Oggi la struttura è stata già in gran parte ristrutturata e trasformata in un motore sociale per il territorio, con un centro di aggregazione giovanile con aree per attività formative e ludico-ricreative, con l’attivazione dell’ambulatorio di Emergency con servizi socio-sanitari per migranti persone disagiate, di uno sportello dei diritti, di un ostello sociale per i ragazzi dei campi di E!state Liberi, di una bottega per la vendita dei prodotti della cooperativa Valle del Marro e delle altre cooperative del marchio Libera Terra.

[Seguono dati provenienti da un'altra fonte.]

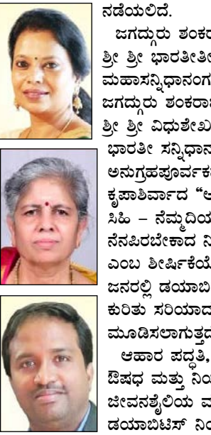
ನಡೆಯಲಿದೆ. ಜಗದ್ಗುರು ಶಂಕರಾಚಾರ್ಯ ಶ್ರೀ ಶ್ರೀ ಭಾರತಿತೀರ್ಥ ಮಹಾಸ್ವಾಮಿಧಾನಗಳವರ ಮತ್ತು ಜಗದ್ಗುರು ಶಂಕರಾಚಾರ್ಯ ಶ್ರೀ ಶ್ರೀ ವಿಭೂತಿಶಂಕರ ಭಾರತಿ ಸನ್ನಿಧಾನಗಳವರ ಅನುಗ್ರಹಪೂರ್ವಕವಾದ ಕೃಪಾಶೀರ್ವಾದ “ಆರೋಗ್ಯದಲ್ಲಿ ಸಿಹಿ - ನಮದಿಯ ಜೀವನಕ್ಕೆ ನೆನಪಿರಬೇಕಾದ ನಿಯಮಗಳು” ಎಂಬ ಶಿರ್ಷಿಕೆಯೊಂದಿಗೆ ಜನರಲ್ಲಿ ಡಯಾಬಿಟೀಸ್ ಕುರಿತು ಸರಿಯಾದ ಜಾಗೃತಿ ಮೂಡಿಸಲಾಗುತ್ತದೆ. ಆಹಾರ ಪದ್ಧತಿ, ಯೋಗ, ಔಷಧ ಮತ್ತು ನಿಯಮಿತ ಜೀವನಶೈಲಿಯ ಮೂಲಕ ಡಯಾಬಿಟೀಸ್ ನಿಯಂತ್ರಣದಲ್ಲಿ ಇರಿಸಿಕೊಂಡು ನಮದಿಯ ಮತ್ತು ಆರೋಗ್ಯಕರ ಜೀವನ ನಡೆಸಲು ಮಾರ್ಗದರ್ಶನ ನೀಡುವುದು ಈ ಕಾರ್ಯಕ್ರಮದ ಉದ್ದೇಶವಾಗಿದೆ. ಡಯಾಬಿಟೀಸ್ ಹಾಗೂ ಶ್ರೀ-

ಬಿಜ್ಜಿ ಶ್ರೀ ಶ್ರೀ ಜಗದ್ಗುರು ಶಂಕರಾಚಾರ್ಯ ಮಹಾಸ್ವಾಮಿ ದಕ್ಷಿಣಾಮೃತ ಶೃಂಗೇರಿ ಶ್ರೀ ಶಾರದಾ ಪೀಠ ಶೃಂಗೇರಿ, ಅಹಂ ಬ್ರಹ್ಮಾಸ್ಮಿ ಪ್ರತಿಷ್ಠಾನ, ಶಾಂತಕರ್ತವ್ಯ ಪ್ರಸಾರ ಅಭಿಯಾನ, ಶೃಂಗೇರಿ ಹಾಗೂ ಶ್ರೀ ಶೃಂಗೇರಿ ಶಂಕರಮಠ ಸಂಗನಕಲ್ಪ ರಸ್ತೆ ಹಾಗೂ ಸಭಾಪತಿ ಬೀದಿ ಬಳ್ಳಾರಿ ಇವರ ಸಂಯುಕ್ತಶ್ರಮದಲ್ಲಿ ಮೇ 9 ರಂದು ಡಯಾಬಿಟೀಸ್ ರೋಗಿಗಳಿಗಾಗಿ ಬೃಹತ್ ಆರೋಗ್ಯ ಜಾಗೃತಿ ಹಾಗೂ ಮಾರ್ಗದರ್ಶನ ಕಾರ್ಯಕ್ರಮ ಆಯೋಜಿಸಲಾಗಿದೆ. 1000ಕ್ಕೂ ಹೆಚ್ಚು ಡಯಾಬಿಟೀಸ್ ರೋಗಿಗಳಿಗಾಗಿ ಅಂದು ಸಂಜೆ 5 ಗಂಟೆಯಿಂದ ಸಂಗನಕಲ್ಪ ರಸ್ತೆಯ ಶ್ರೀ ಶೃಂಗೇರಿ ಶಂಕರ ಮಠದ ಶ್ರೀ ಭಾರತಿ ತೀರ್ಥ ಸಭಾಭವನದಲ್ಲಿ ಈ ಕಾರ್ಯಕ್ರಮ

Una struttura che incomincia anche a produrre lavoro vero per immigrati e giovani che saranno formati adeguatamente, smontando così anche l’odioso mito della mafia che dà lavoro, ma che in realtà trasforma il lavoro da diritto in favore e in ricatto. Anche per la piazza di fronte, si respira area nuova. Da anni dedicata a Giuseppe Valarioti, insegnante e segretario del Pci di Rosarno, ucciso nel 1980 dal clan dei Pesce la se ra della vittoria alle elezioni comunali, ma il suo nome nella piazza non era mai comparso. Ora, invece, il cartello c’è: Piazza Giuseppe Valarioti, vittima della mafia. E la cosa bella che quella stessa gente che ieri la chiamava la “Piazza del 2001” oggi con commozione la chiama Piazza Valarioti.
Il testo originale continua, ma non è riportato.